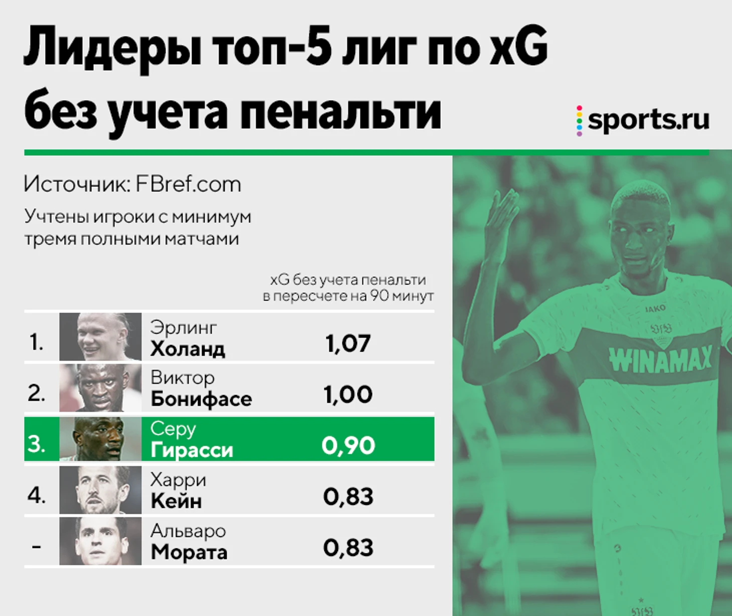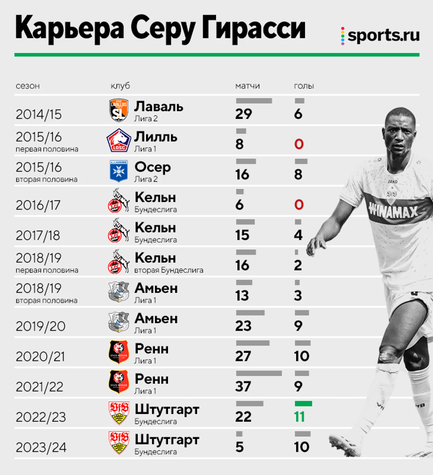 В январе-феврале 2024 года Гирасси оставит «Штутгарт» ради Кубка африканских наций. Вообще никаких гарантий, что Гирасси при 10 голах за пять туров забьет хотя бы 20 за весь сезон. Но сколько забьет – это уже гадания.
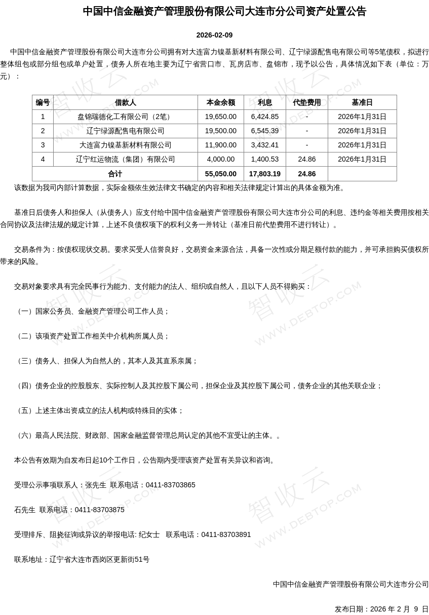 辽宁红运物流(集团)有限公司,盘锦瑞德化工有限公司,中国中信金融资产管理股份有限公司大连市分公司资产处置公告,公告日期:2026-02-09,债权方:中国中信金融资产管理股份有限公司大连市分公司,资产总额:72878.0万元。
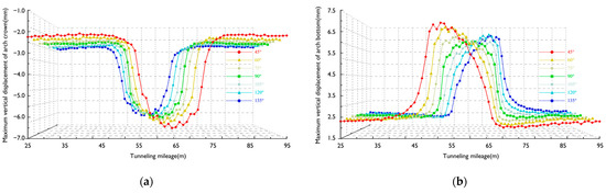 The maximum displacement and corresponding locations at the tunnel vault, invert, and haunch were obtained by conducting numerical simulations under seven different dip angles of the fracture zones (as listed in Table 4). The numerical results are summarized in Table 5. Same as above (see Section 3.2), to evaluate the surrounding rock deformation within the fracture zone, the variation profiles of the maximum displacement of the tunnel within the fracture zones and adjacent regions are shown in Figure 9.
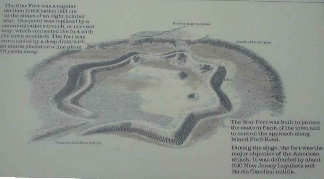 By June 3 Greene’s men had a trench within 30 yards of the Star Fort. They then used a tactic similar to one used by Gen. Marion to capture Fort Watson, whereby they constructed a wooden Maham Tower, about 30 feet tall, with a protected platform at the top. Under this elevated cover, American sharpshooters would have a clear firing line into the fort. At first, the crack Riflemen in the tower were able to pick off a number of Cruger’s artillerymen. Cruger quickly countered by using sandbags to raise the height of the parapet, giving enough cover so his own marksmen could fire on the tower through slats in between the bags. He also attempted to set the tower on fire with heated shot, but was unable to get the balls hot enough for this to be effective. The attackers then fired flaming arrows into the fort (a tactic that had worked when Fort Motte was captured), in order to set anything flammable within the fort on fire. Cruger had work crews remove the roofs off the buildings in the fort to prevent them from burning.
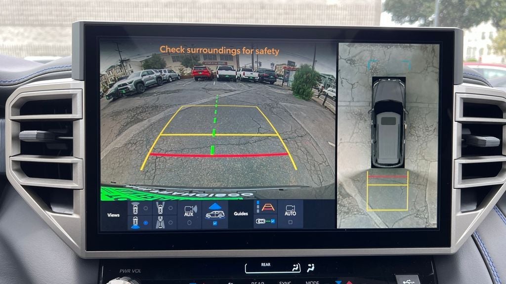 44. The Panoramic View Monitor does not provide a comprehensive view of the area surrounding your vehicle. Look around to confirm clearance. See Owner’s Manual for limitations.
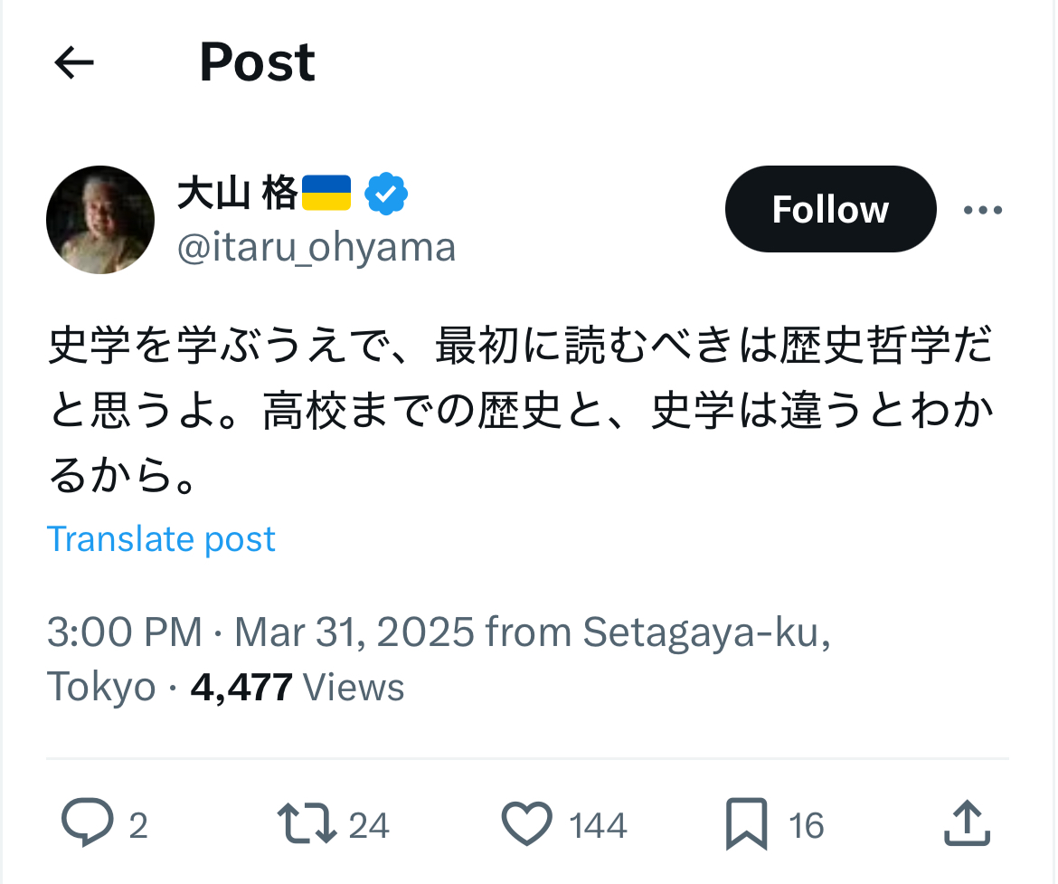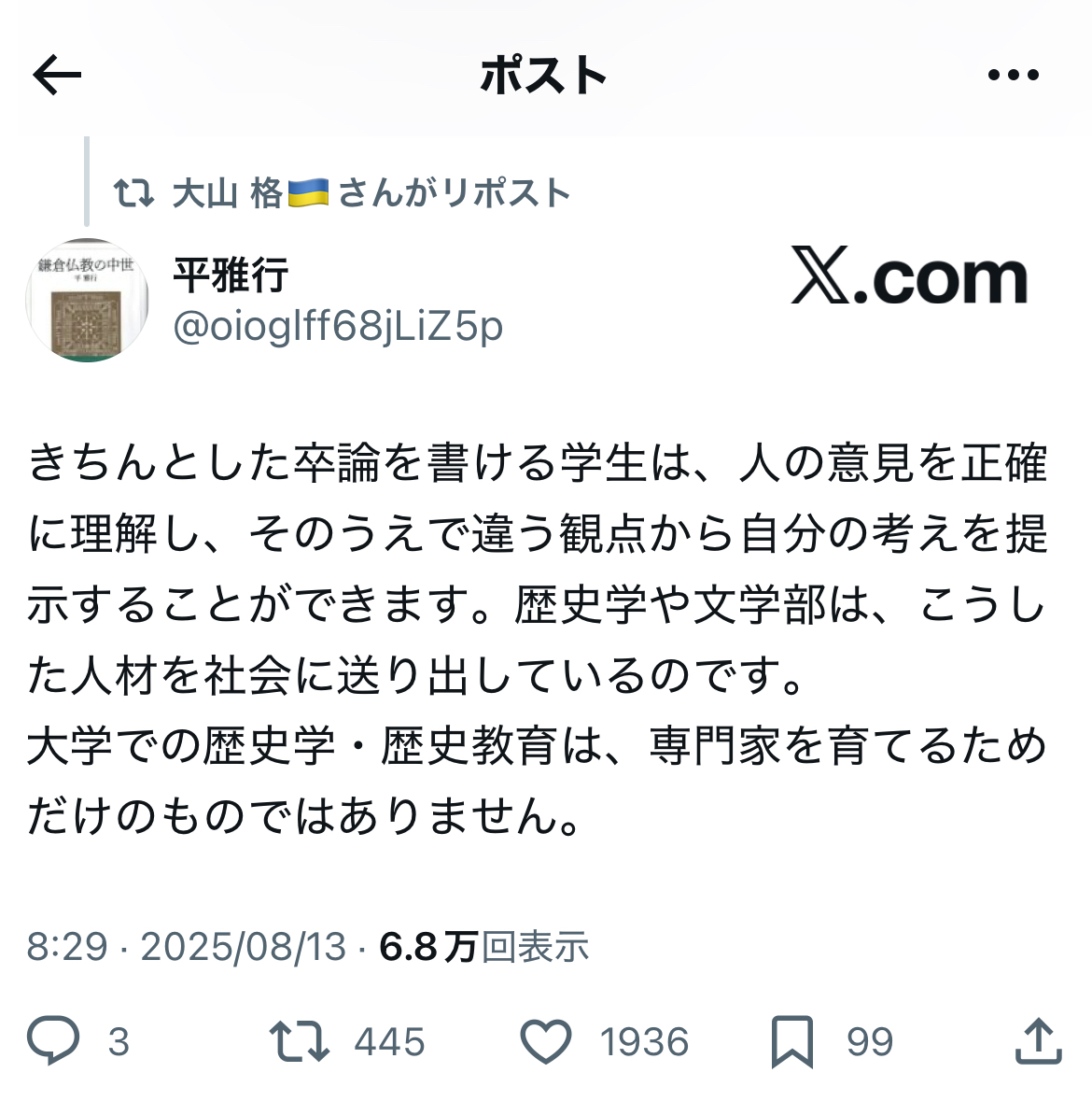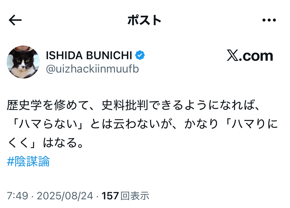 未だに「令和の背後の一突き伝説」の陰謀論・デマゴギーに嵌って、ワーワー大騒ぎしているらしい可能性もあることなどを鑑みると、歴史学。それも日本史学を修めて、史料批判が出来るスキル等をマスターしても……遺憾ながら、それらがご本人のリテラシー能力の向上に繋がるかは、やはり、全くの別問題なのでしょう。
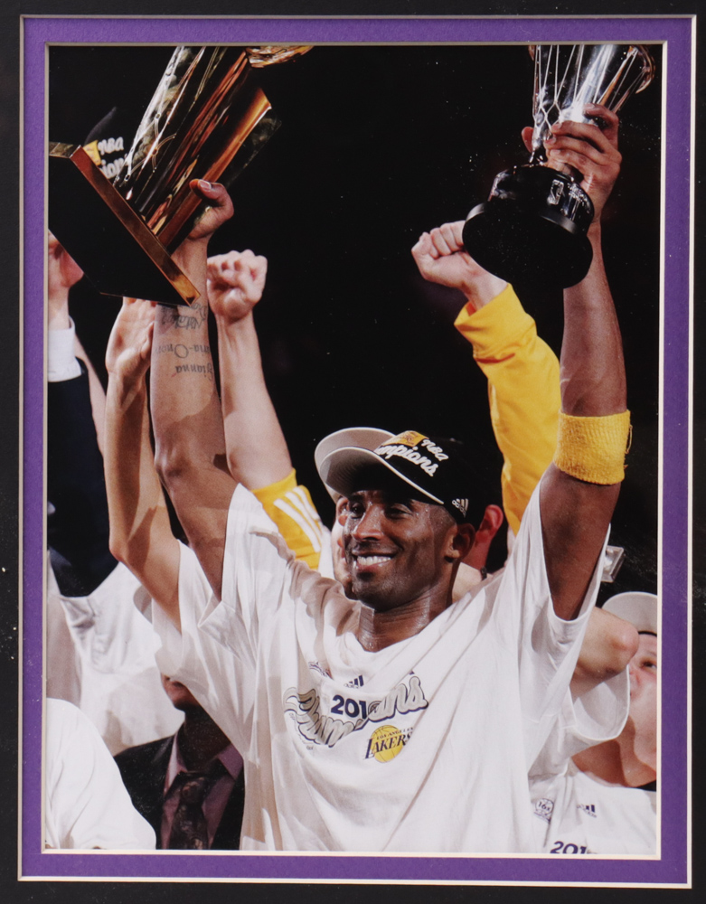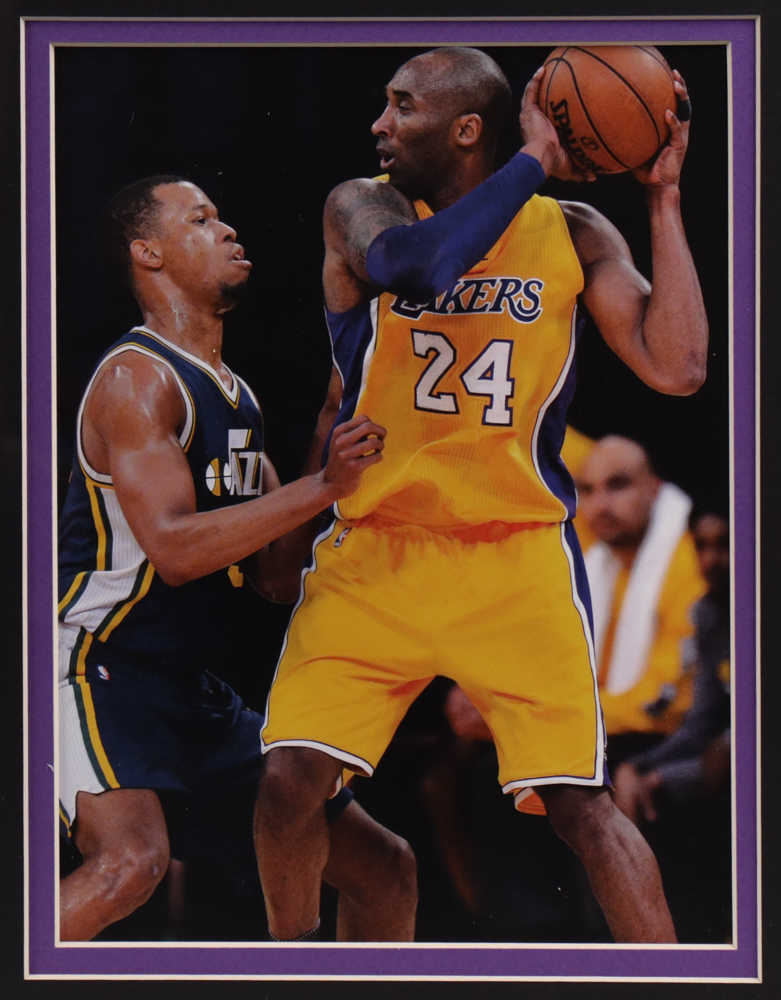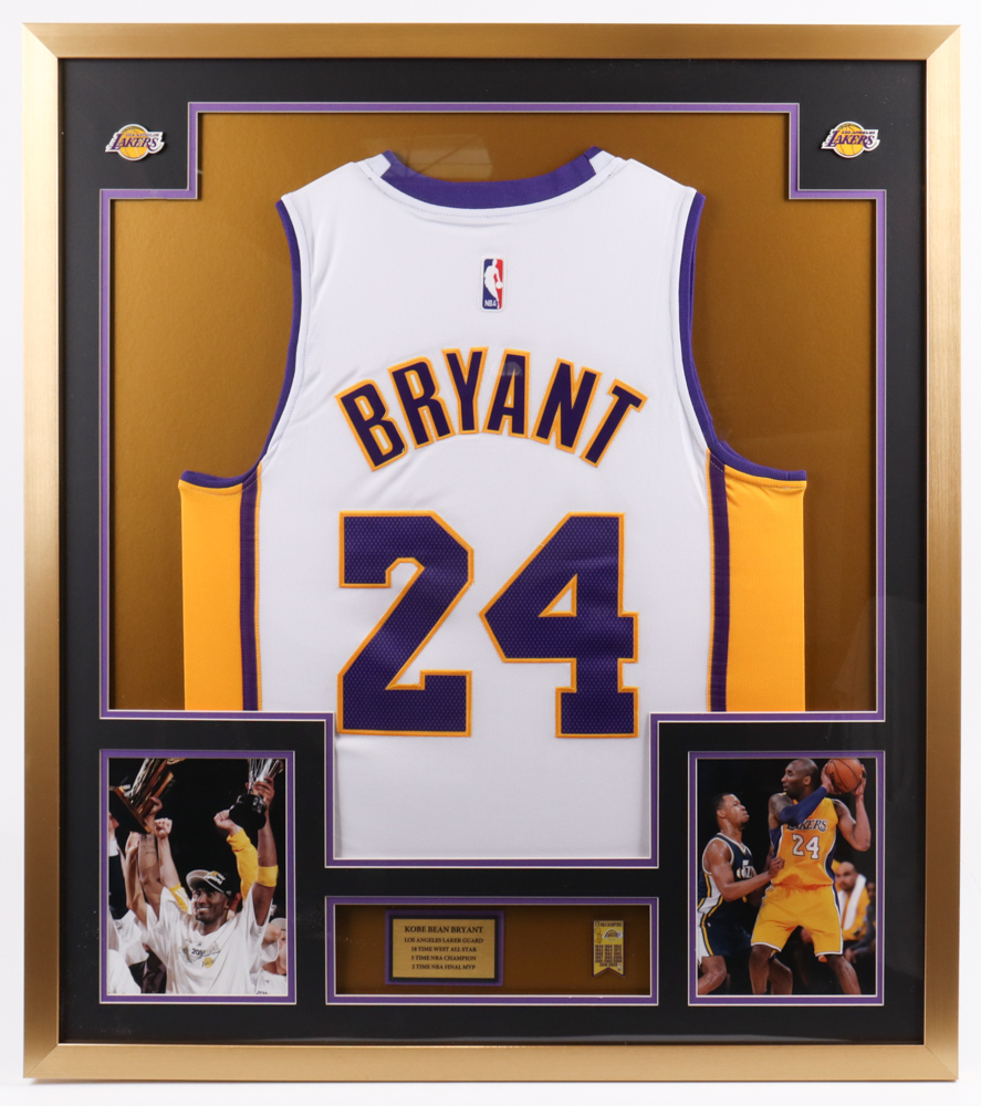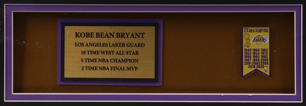 Custom frame measures 32" x 36" in size and features an unsigned Kobe Bryant jersey (Los Angeles Lakers), as well as a Lakers mini Championship Banner pin.
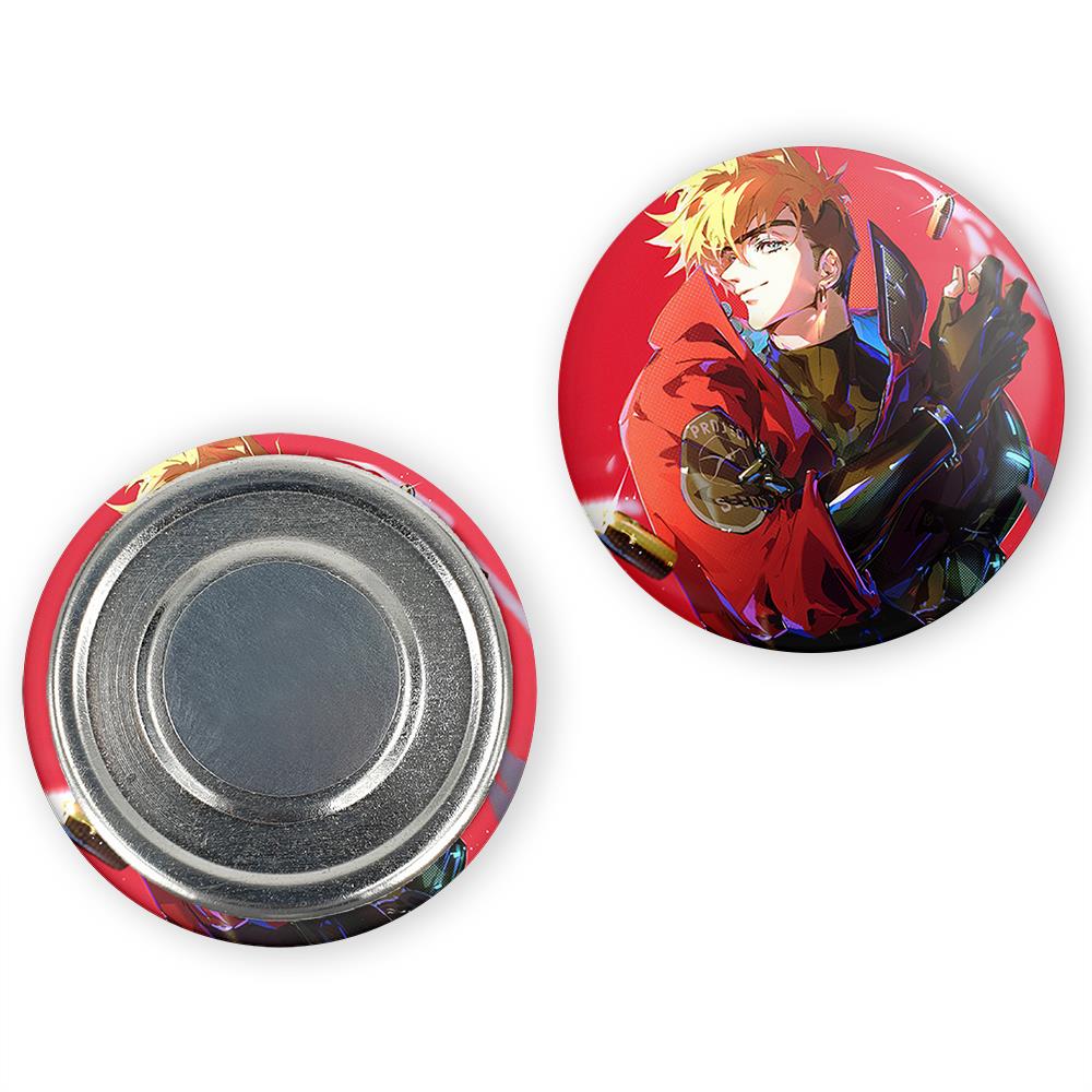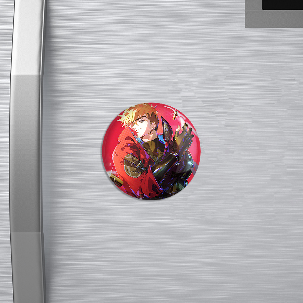 مگنت وش انیمه تریگان (Trigun) خندالو با روکش سلفون مات مخملی ضدخش و قطعه پشتی فلزی تولید شده است که آهنربای اتمی بکار برده شده در محصول، بصورت مخفی تعبیه شده ودیده نمی شود. ضمن اینکه گیرایی بسیار بالایی داشته و به هیچ عنوان از روی یخچال نمی افتد.
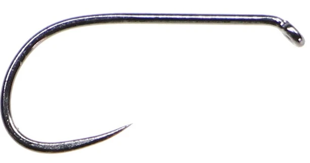 De Fulling Mill Ultimate Dry Fly Barbless Black Nickel Hook (FM-5050) is uitgevoerd met een neerwaarts gebogen haakoog, ze is 1x ruim qua haakbocht, weerhaakloos, vervaardigd van standaard metaaldraad en uitgevoerd met een zwart nikkel finish. De haak is beschikbaar in de haakmaten 12, 14, 16, 18 en 20.
★ ★ ★ ★ ★ ★ ★
### ACTIVITY
Retype the lines exactly as they appear, beginning with the line that contains "مگنت وش انیمه تریگان" and ending with the final line of the entries, and omit the pictures.

### RESPONSE AREA
 مگنت وش انیمه تریگان (Trigun) خندالو با روکش سلفون مات مخملی ضدخش و قطعه پشتی فلزی تولید شده است که آهنربای اتمی بکار برده شده در محصول، بصورت مخفی تعبیه شده ودیده نمی شود. ضمن اینکه گیرایی بسیار بالایی داشته و به هیچ عنوان از روی یخچال نمی افتد.
 De Fulling Mill Ultimate Dry Fly Barbless Black Nickel Hook (FM-5050) is uitgevoerd met een neerwaarts gebogen haakoog, ze is 1x ruim qua haakbocht, weerhaakloos, vervaardigd van standaard metaaldraad en uitgevoerd met een zwart nikkel finish. De haak is beschikbaar in de haakmaten 12, 14, 16, 18 en 20.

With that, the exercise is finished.